The construction and manufacture of solid electrolytic capacitors is well documented. In the construction of a solid electrolytic capacitor a valve metal serves as the anode. The anode body can be either a porous pellet, formed by pressing and sintering a high purity powder, or a foil which is etched to provide an increased anode surface area. An oxide of the valve metal is electrolytically formed to cover all surfaces of the anode and serves as the dielectric of the capacitor. The solid cathode electrolyte is typically chosen from a very limited class of materials, to include manganese dioxide and intrinsically conductive polymers such as polyaniline, polypyrrole, polythiophene etc. The solid cathode electrolyte is applied so that it covers all dielectric surfaces. An important feature of the solid cathode electrolyte is that it can be made more resistive by exposure to high temperatures. This feature allows the capacitor to heal leakage sites by Joule heating. In addition to the solid electrolyte the cathode of a solid electrolyte capacitor typically consists of several layers which are external to the body of the porous or etched anode body. In the case of surface mount constructions these layers typically include: a carbon layer; a layer containing a highly conductive metal, typically silver, bound in a polymer or resin matrix; a conductive adhesive layer such as solder or a silver adhesive; and a highly conductive metal lead frame. It is important that the solid electrolyte be of sufficient buildup and density to prevent the overlaying layers from penetrating the solid electrolyte and contacting the dielectric. The reason for this is that these outer layers do not exhibit the healing properties required for a material directly in contact with the dielectric. Thus the ability to control the buildup, morphology, uniformity, and density of the solid electrolyte is critical to manufacturing a reliable solid electrolytic capacitor. The various layers of the external cathode also serve to protect the dielectric from thermo-mechanical damage that may occur during subsequent processing, board mounting, or customer use.

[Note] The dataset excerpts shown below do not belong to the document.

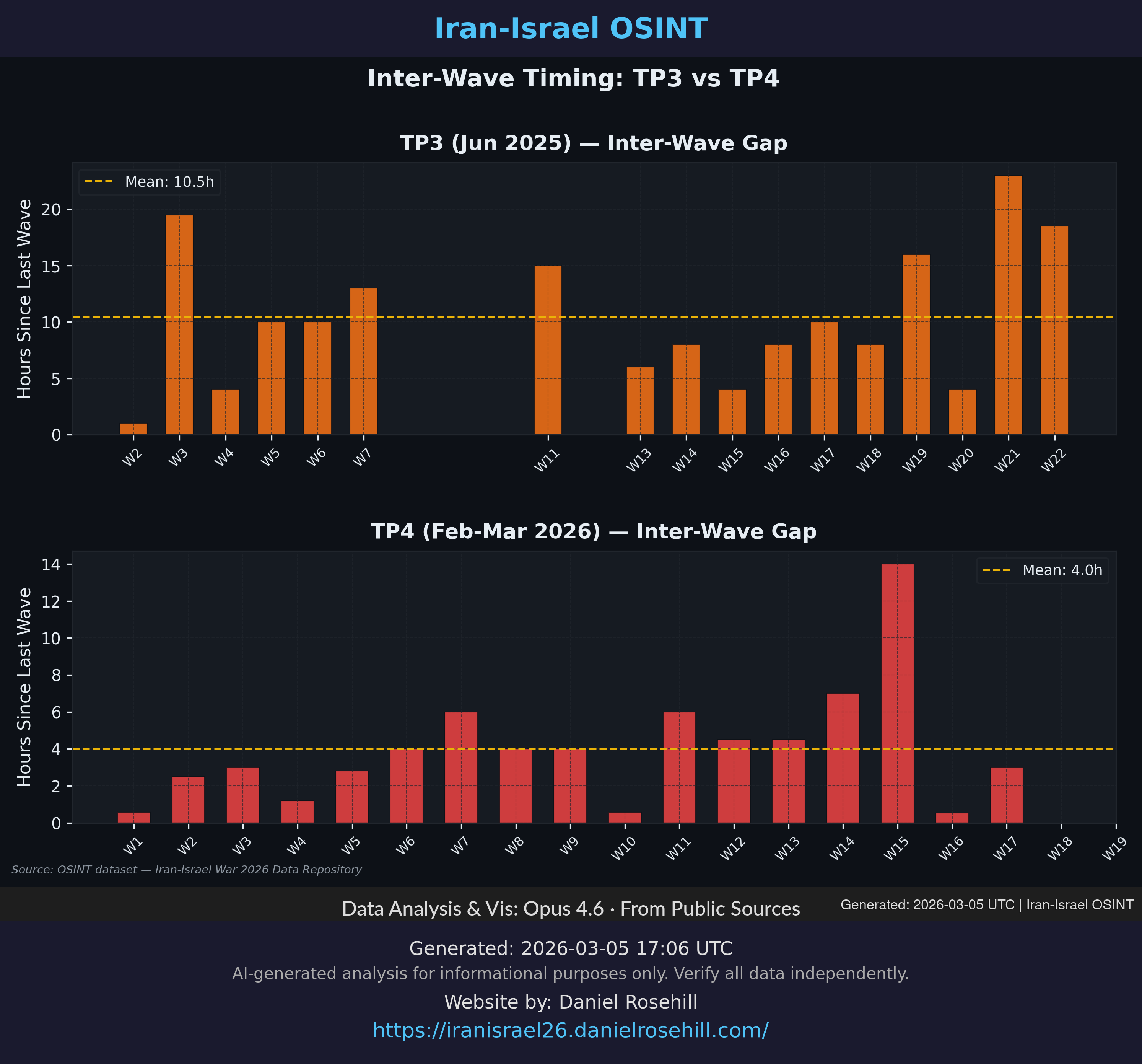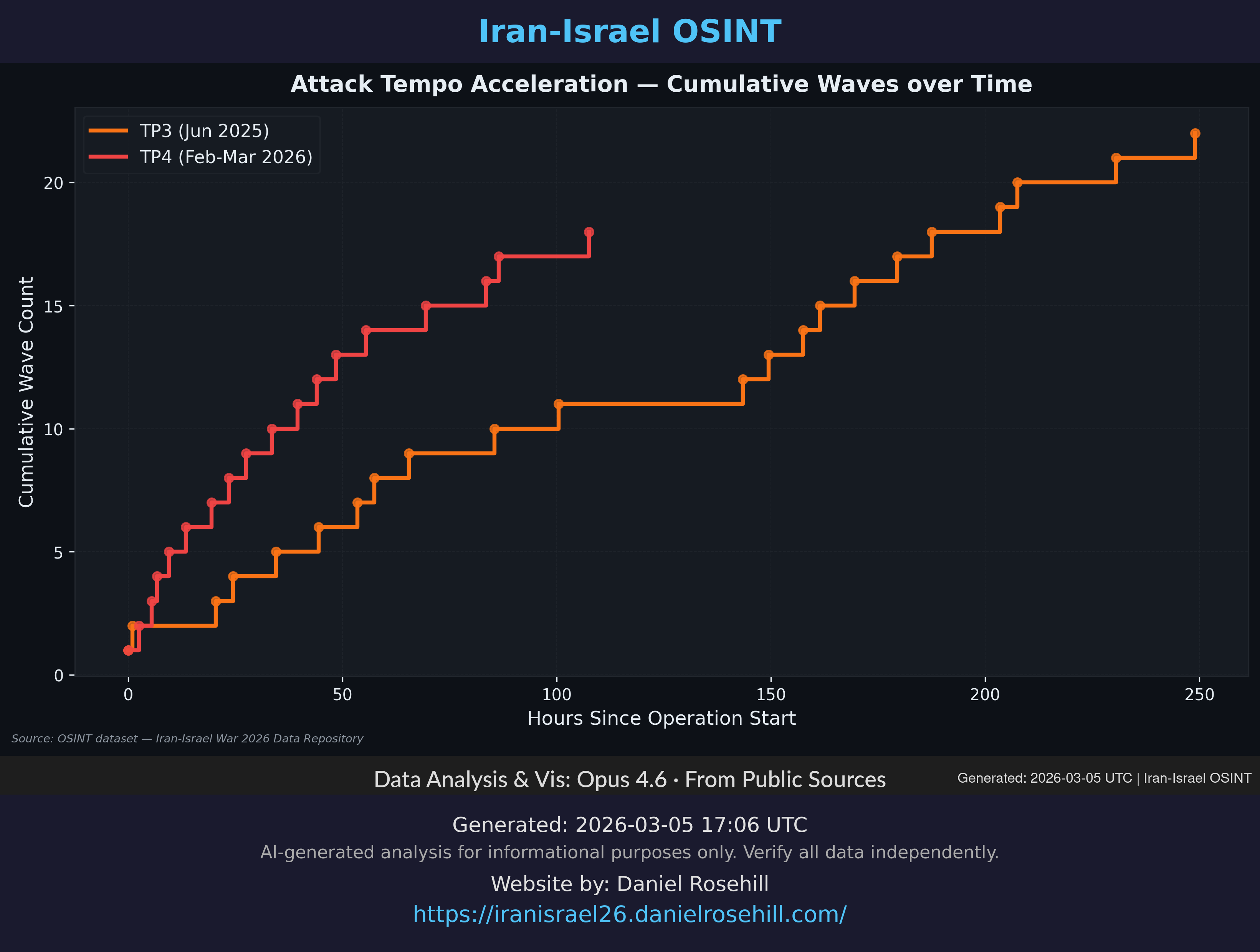 Comparative tempo analysis between the Twelve-Day War (TP3) and the ongoing TP4 operation.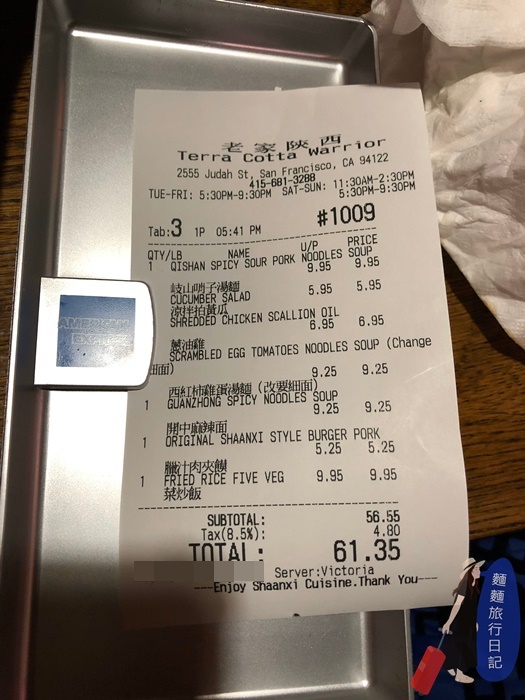 美國舊金山的老家陝西風味麵食 Terra Cotta Warrior,不知道是不是我們吃不習慣陝西料理還是點錯菜,辣是辣得過癮、很香很麻,但是味道偏重、而且很油啊!我們還是比較喜歡台灣菜的亞洲味,但是網路好評不斷,很多人推薦外,名人也愛吃這間餐廳,因為口味上每個人還是各有所好,如果你愛吃涼皮、泡饃、肉夾饃等料理,那可以來試試看喔!就在舊金山必逛景點金門公園附近,逛完剛好可以來吃個晚餐!
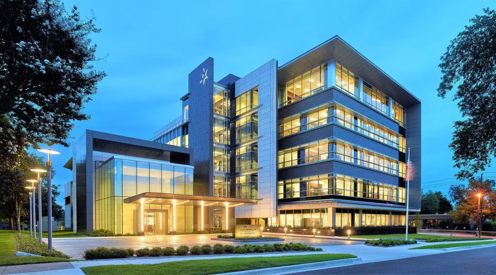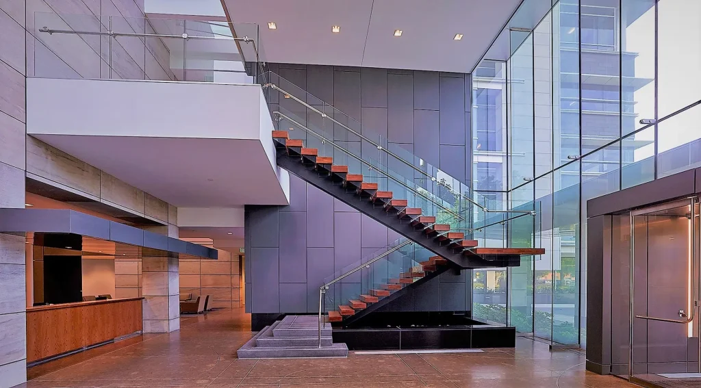 The new Murphy Oil Headquarters proudly displays two VetraFin structural glass walls and one structural glass skylight at the main lobby. This design system boasts oversized low-e coated insulated glass units and single span 30-foot tall glass fins to provide great energy performance without sacrificing transparency.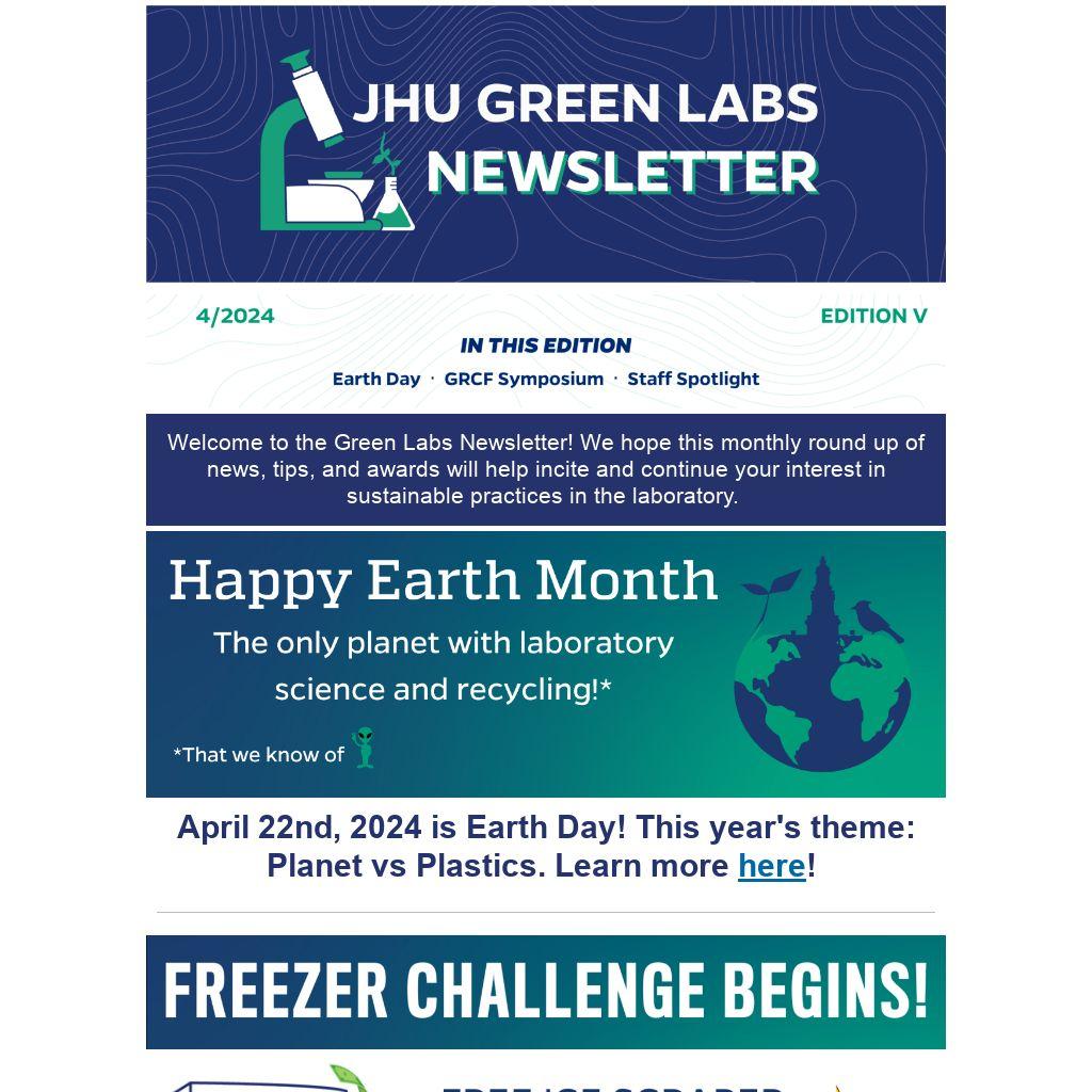 Welcome to the Green Labs Newsletter! We hope this monthly round up of news, tips, and awards will help incite and continue your interest in sustainable practices in the laboratory.
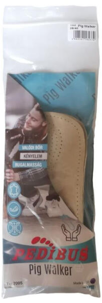 3/4-es sertésbőr gyógytalpbetét, haránt-, és lúdtalpemeléssel, rugalmas sarokággyal. 1 pár 3/4-es gyógytalpbetét; Pedibus termék 3/4-es sertésbőr gyógytalpbetét.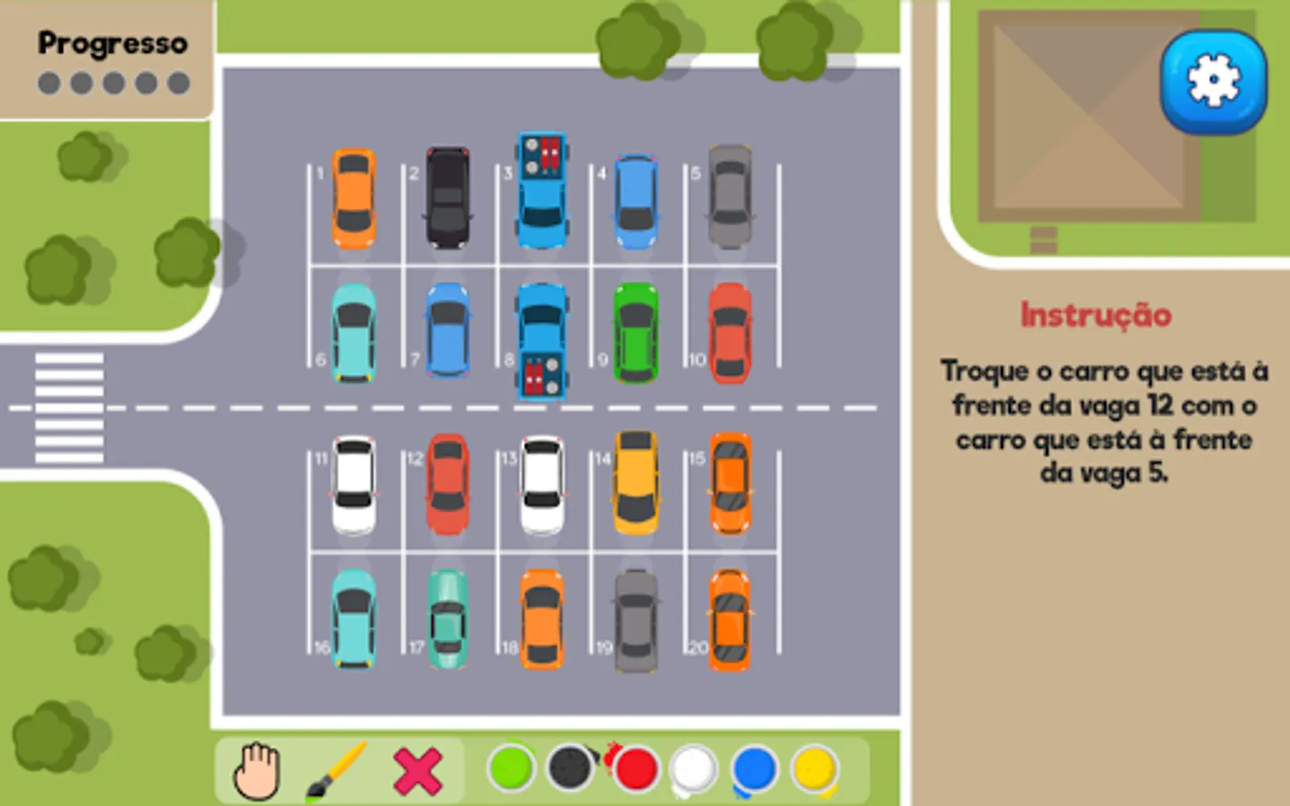 Moves, colors and / or mark with an x the parking car according to the instructions given.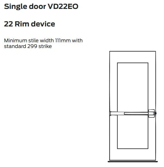 The 22 Series are Von Duprin’s entry level exit devices, incorporating a modern touch bar styling for all types of doors. The 22 Series can be used on timber, aluminium or hollow metal hinged doors. Available in rim and surface vertical rod styles. The 22 Series is traditionally used in commercial buildings such as warehouses, factories, schools and shopping centres.
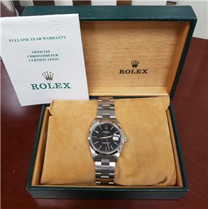 Introducing the 34mm Rolex Date Stainless Steel Watch (Model: 15200), a sleek and refined timepiece that embodies Rolex's hallmark craftsmanship and enduring style. This watch features a classic black dial with silver stick markers, offering a striking contrast that ensures easy readability and timeless elegance. The smooth stainless steel bezel further accentuates the streamlined aesthetic of the watch, giving it a clean, polished look suitable for any occasion.
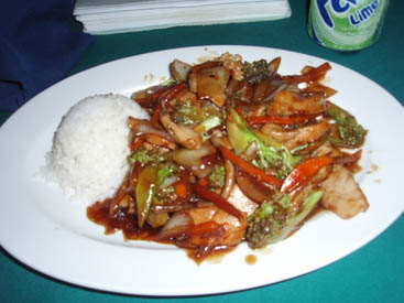 3日目3本目を私はパスしました。ポイントは沈船でしたが、透明度も悪く、今ひとつだったようです。で、4日目はみんなで(って3人ですが)3本目をパスして、ランチから町のチャイニーズレストランへ行くことにしました。そして、そのあと、マダンの町を散歩してみることにしました。リゾートからはアルバートにボートで送ってもらいました。 フカヒレスープだったかな?中華は円卓で、回しながら、みんなでつつけて、ほんまに良いですわ。中華と言えば、チャーハンばかり食べてたので、今日は、焼きそばに。。。あんまり変わらんか。。。笑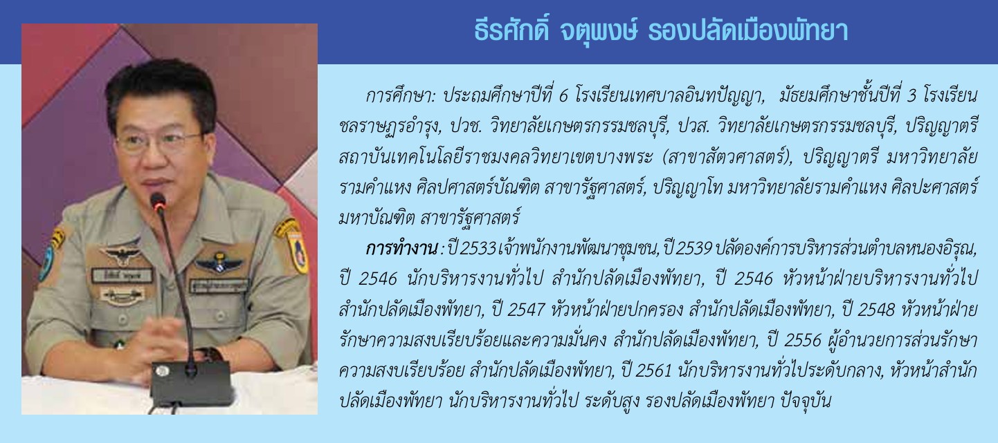 กล่าวได้ว่าการกระจายอำนาจสู่ท้องถิ่น นับเป็นจุดเริ่มต้นที่สำคัญต่อการปกครอง ในระบอบประชาธิปโตย และก็กล่าวได้อีกเช่นกัน ว่า รัฐธรรมนูญ 2540 คือต้นธารที่ส่งผลให้การ กระจายอำนาจสู่ห้องถิ่นของประเทศไทยมีความ สำคัญมากขึ้นมาเป็นลำดับซึ่งแม้ในตลอด 20 กว่าปี ที่ผ่านมา การกระจายอำนาจสู่ท้องถิ่นจะดู ลุ่มๆ ตอนๆ ไปในในแต่ละช่วงเวลาบ้าง แต่สิ่ง ที่สำคัญที่จำต้องได้อีกประการหนึ่งคือ การพัฒนา นักบริหารงานท้องถิ่น มีความรุดหน้าขึ้น เป็นลำดับ จนปัจจุบันกล่าวได้ว่า เรามีนักบริหาร งานท้องถิ่นในระดับผู้ชานาญการเติบโตขึ้น อย่างมากมาย และ 1 ในจำนวนนั้น ที่อปท.นิวส์เชิญเป็นแขก จะพาท่านผู้อ่านมาทำความรู้จักในฉบับนี้ก็คือ คุณธีรศักดิ์ จตุพงษ์รองปลัดเมืองพัทยา(นักบริหาร งานท้องถิ่น ระดับสูง) ที่ดูแลรับผิดชอบ ส่วนพัฒนา รายได้ สำนักคลัง สำนักสาธารณสุขและสิ่งแวดล้อม (ส่วนควบคุมโรค ส่วนส่งเสริมอนามัยสิ่งแวดล้อม) สำนักการศึกษา ส่วนบริหารทรัพย์สิน สำนักพัสด และทรัพย์สิน ของเมืองพัทยา ที่มีรูปแบบ การปกครองพิเศษที่แตกตำงไปจากเมืองอื่นๆ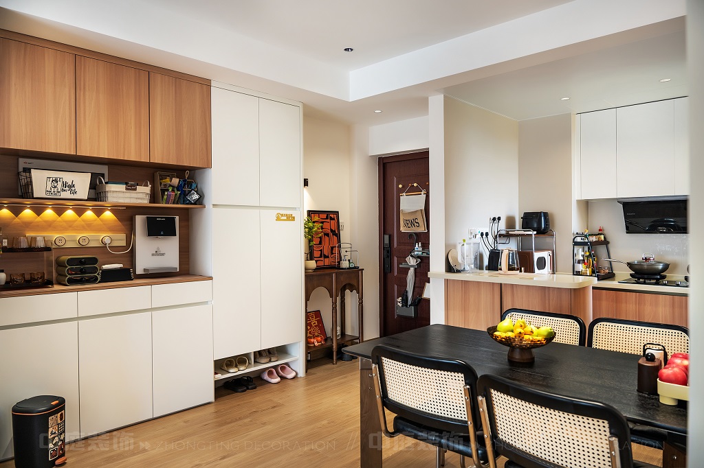瀏覽量:114每一處細節(jié),都是他們對“把日子過成詩,讓家裝滿故事”的詮釋。以原木的溫潤、白調(diào)的清爽為基底,在玄關(guān)處嵌入復(fù)古邊幾,擺上藝術(shù)感的裝飾畫,仿佛時光在此打了個溫柔的結(jié);餐廚區(qū)的咖啡角裝滿對生活的小確幸,與開放式廚房的煙火氣交融,是晨起的咖啡香與深夜的飯菜香的浪漫邂逅;客廳里,黑色皮沙發(fā)搭配復(fù)古風(fēng)抱枕,一旁的藝術(shù)綠植蜿蜒生長,就像主人對生活的熱愛肆意又熱烈。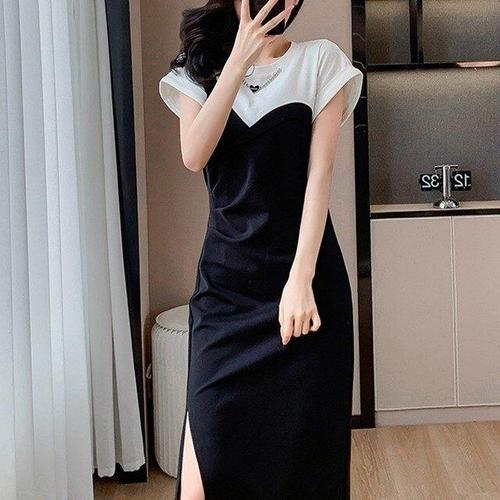 [유야]여성 시원한 옆트임 스판 무지 반팔 롱원피스 -FOP0620- 여름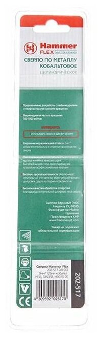 Сверло по металлу 9,0 мм х 125 мм, HSS, CO, Hammer Flex 202-517, 59151 интересное:
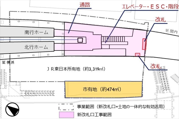 新改札の設置は、馬車道方面で横浜市の新庁舎建設が進み、開発が著しいことを受けた対応だ。現在の状況はどうなっているのか、確認に向かうことにした。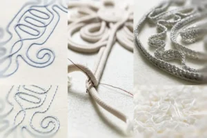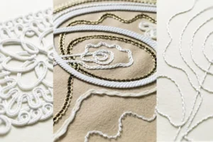 Rolled stitch, back cord stitch, frill stitch can be accessed by changing the individual sewing pattern with optional guide.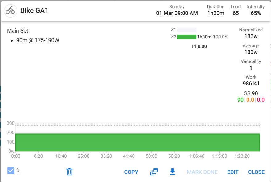 However on Garmin Connect, only the duration of the training, but not the power range is shown. Similarly, when I start the workout on my Tacx trainer, the power isnt set correctly.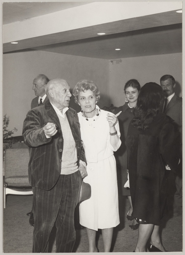 Pablo Picasso avec Suzanne Ramié lors de l'inauguration de la galerie Madoura, Cannes, début 1961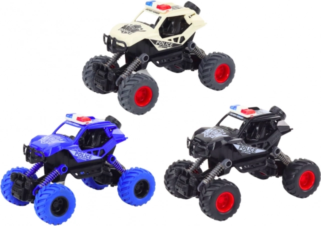 La macchinina vanta un design realistico che include dettagli come sirene, luci e distintivi della polizia. Grazie a molle speciali consente salti spettacolari, permettendo al tuo bambino di superare ostacoli e realizzare acrobazie.

In the case of conductive polymer cathodes the conductive polymer is typically applied by chemical oxidation polymerization, electrochemical oxidation polymerization or spray techniques with other less desirable techniques being reported.
The carbon layer serves as a chemical buffer between the solid electrolyte and the silver layer. Critical properties of the carbon layer include adhesion to the underlying layer, wetting of the underlying layer, penetration of the underlying layer, bulk conductivity, interfacial resistance, compatibility with the silver layer, buildup, and mechanical properties.
The silver layer serves to conduct current from the lead frame to the anode and around the anode to the sides not directly connected to the lead frame. The critical characteristics of this layer are high conductivity, adhesive strength to the carbon layer, wetting of the carbon layer, and mechanical properties. Compatibility with the subsequent layers employed in the assembly and encapsulation of the capacitor are also critical.
An electrically conductive adhesive is used to attach the silver layer to a lead frame. The electrical properties of the capacitor can be affected if the mechanical integrity of the adhesive/lead frame connection is degraded during assembly and post assembly processing. The adhesive properties of the conductive adhesive, the solder coating on the lead frame, the surface characteristics of lead frame, the coefficient of thermal expansion of the lead frame etc, are need to be carefully controlled in order to obtain durable negative connection integrity. The adhesive/lead frame interface is subjected to various thermomechanical stresses during molding, curing, aging, surface mount testing, solder reflow etc. These thermomechanical stresses and the low adhesive strength of the conductive adhesive cause stresses and lead to negative lead breaks. Adhesives with higher adhesive strengths and lower concentration of conductive particles are able to withstand the stress and maintain mechanical integrity. However, there is trade-off between increasing adhesion and increasing electrical conductivity.
Conductive adhesives are heavily filled with silver particles to get maximum conductivity. Increasing the silver loading decreases binder/resin concentration in the adhesive. The adhesion is contributed by the binder/resin portion of the adhesive. Increasing the resin portion will increase adhesion but decrease electrical properties. Improving electrical properties by increasing silver content will significantly decrease adhesive property of the conductive adhesive.
U.S. Pat. No. 6,972,943 attempts to circumvent the conflict between adhesion and conductivity of the adhesive by modifying the lead frame surface. The method of the invention in the patent provides grooves and holes in the lead frame so as to have good mechanical integrity between the two surfaces.
U.S. Pat. No. 6,916,433 attempts to improve performance by using conductive fillers with dendrites or protrusions to enhance contact with electrodes and an elastic adhesive resin for enhanced flexibility. The preferred elastic adhesive is a thermosetting resin comprising denatured silicon resin with a dispersed epoxy resin, available from Cemedyne Co. Ltd.
Through diligent research the present inventors have developed method of improving adhesive strength between the lead frame and the cathode layer which circumvents the problems encountered using the prior art adhesives and fillers.